Sapiom Secures $15M to Empower AI Agents With Self-Service Tools

▼ Summary
– Non-coders can build apps using “vibe coding” tools that turn plain language into code, but scaling these prototypes to production is difficult due to integration with external services.
– Ilan Zerbib’s startup, Sapiom, is building a financial layer to let AI agents automatically and securely purchase the software, APIs, and compute they need to function.
– Sapiom aims to make the process seamless by handling authentication and micro-payments for each API call, allowing AI agents to decide what services to buy without human intervention.
– Accel is leading Sapiom’s $15 million seed round, with partners believing its enterprise-focused approach to AI payments is what’s needed to make autonomous agents work.
– The technology could simplify app building for non-coders by handling backend integrations automatically and has future potential to empower personal AI agents to manage consumer transactions.
A new wave of tools is making software creation accessible to anyone, allowing people to build custom applications using simple language prompts. However, taking these prototypes into full production often hits a major roadblock: connecting them to essential external services like payment processors or communication APIs requires complex backend integration. Sapiom, a startup founded by former Shopify payments engineering director Ilan Zerbib, has secured $15 million in seed funding to solve this exact problem by building a dedicated financial layer for AI agents.
The company’s core mission is to enable AI agents to autonomously and securely purchase the software, data, and computational power they need to function. Every time an AI needs to perform an action, like sending an SMS via Twilio or processing a Stripe payment, it requires both authentication and a micro-transaction. Sapiom’s infrastructure aims to make this entire process seamless, allowing the AI itself to decide what services to buy and execute the payments without human intervention.
“In the future, apps are going to consume services which require payments. Right now, there’s no easy way for agents to actually access all of that,” noted Amit Kumar, a partner at Accel. After meeting with numerous startups in the AI payments arena, Kumar believes Zerbib’s enterprise-focused approach is what the market truly needs to make autonomous agents practical. This conviction led Accel to lead the seed round, which included participation from Okta Ventures, Gradient Ventures, Array Ventures, Menlo Ventures, Anthropic, and Coinbase Ventures.
Kumar elaborated on the fundamental vision, stating, “If you really think about it, every API call is a payment. Every time you send a text message, it’s a payment. Every time you spin up a server for AWS, it’s a payment.” Sapiom intends to become the universal payment rail that handles these countless micro-transactions behind the scenes.
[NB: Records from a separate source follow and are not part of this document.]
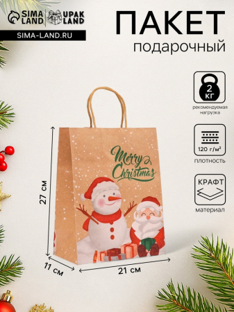 Пакет бумажный подарочный новогодний крафт «Снеговик», 27?21?11 см (арт. 10500672)
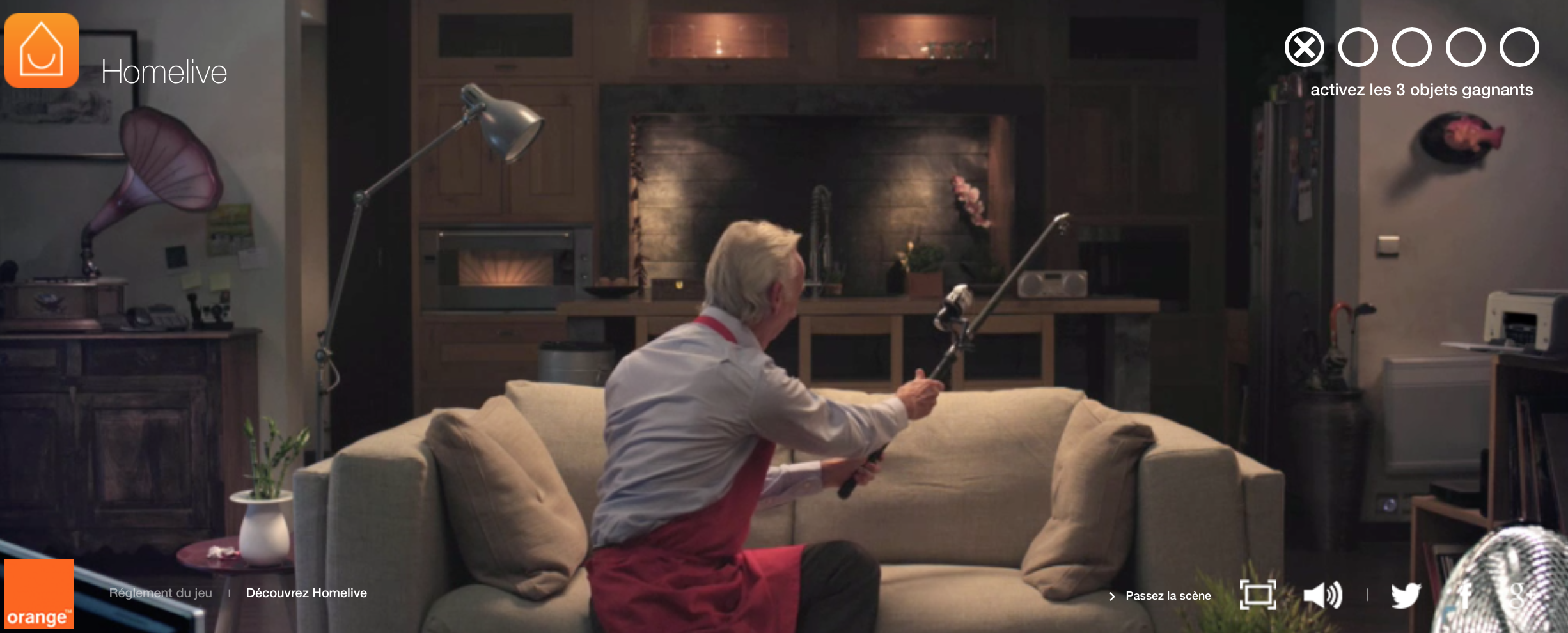 Une expérience amusante qui permet de découvrir de manière ludique les avantages et fonctionnalités de ce nouveau service d’Orange, à tenter depuis un ordinateur ou directement depuis votre smartphone relié à l’ordinateur. Par ce biais et si vous trouvez les bons objets, vous pourrez alors vous inscrire à un tirage au sort pour tenter remporter 10 packs Homelive. En plus de l’expérience digitale, vous pouvez aussi essayer d’interagir avec notre papy national sur Twitter via @Roger77000. Encore faut-il qu’il se lève de son canapé !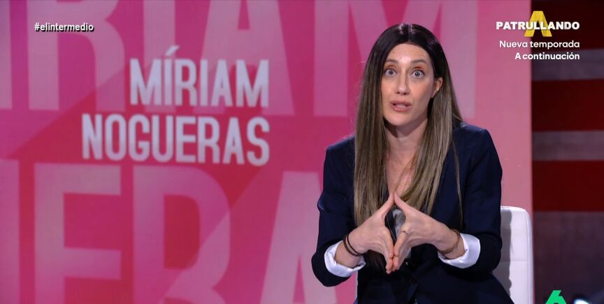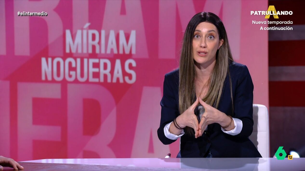 'Míriam Nogueras' visita el plató de El Intermedio para explicar los motivos del 'no' de Junts al decreto ómnibus del Gobierno que incluía la subida de las pensiones.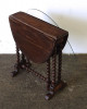 [1O123/KCS] Régi, szép állapotban megmaradt, kis méretű, ovális alakú összecsukható asztal, szalonasztal. Behajtható faragott lábakkal rendelkezik. Magasság: 57 cm Szélesség: 52.5 cm Hosszúság: 71 cm 13 cm keskenyre csukható össze.

Initially, the startup is targeting platforms that enable “vibe-coding” or no-code development. For a user building an app with SMS features, the current process involves manually signing up for a service like Twilio, entering payment details, and managing API keys. With Sapiom’s integration, that complexity disappears. The vibe-coding platform would simply pass the charges through, with Sapiom’s layer handling authentication and payment in the background.
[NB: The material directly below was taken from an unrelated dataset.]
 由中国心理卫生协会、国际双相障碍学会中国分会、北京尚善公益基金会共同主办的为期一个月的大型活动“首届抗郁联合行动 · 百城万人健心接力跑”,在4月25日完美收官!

While Sapiom’s immediate focus is on business-to-business solutions, the underlying technology has broader implications. It could one day empower personal AI assistants to manage consumer transactions, such as ordering rideshares or making online purchases. Despite this potential, Zerbib is pragmatic about the timeline. He believes AI won’t inherently drive more consumer spending, which is why his team is first building the essential financial infrastructure for the businesses that create and deploy these autonomous agents.